September 10, 2012
--- Pricing raises myriad issues, including type of compensation model, what services are factored in, and if similarly sized plans might call for different fees. ---
At the PLANADVISER National Conference in Orlando, a panel discussed how to price fees for service.
The majority of panel attendees surveyed about how they are most commonly paid for qualified plan business (59%) said they base fees on asset size. Nearly one-quarter (23%) said they are commission-based, and 14% use a hard dollar or flat fee, regardless of asset size. Just 4% are ERISA budget or ERISA reimbursable, and 1% said fees are per participant.

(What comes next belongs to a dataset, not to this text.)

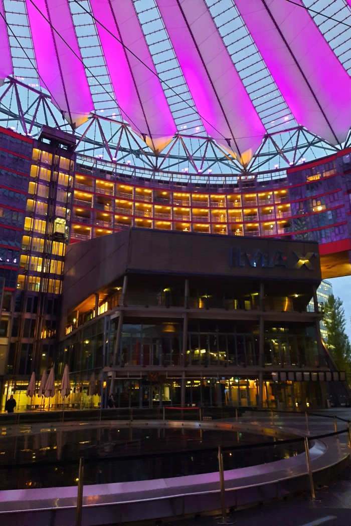 Тъжно и страшно е и на Потсдамер плац, там само куполът, напободяващ вулкан, осветява в различни цветове празния паваж долу.

“Charge as much as you can,” advised Edward O’Connor, managing director, Morgan Stanley Smith Barney. After making a clearly humorous statement, he explained more fully that advisers should earn as much as they can and then begin to break it down into comprehensible and explainable steps.
According to O’Connor, benchmarking is a crucial first step, and there are lots of sources. “But be careful,” he cautioned, “because it can be a race to the bottom.”
Melissa Cowan, executive director, UBS defined contribution advisory program, UBS Financial Services Inc., mentioned that some advisers may hesitate to use benchmarking services for fear of locking themselves into a range. O’Connor advises against walking into a first meeting with the range of fees from benchmarking. “It’s human nature to want the smaller number,” he pointed out. Value has to be established and fees discussed, but there’s a natural build-up to such discussions.
“We try to make benchmarking about the services we are delivering and how we are delivering, not the fees themselves,” said Rick Shoff, managing director, advisor support group at CAPTRUST Financial Advisors. “That’s a slippery slope. If you’re getting paid more it’s because you are delivering more.”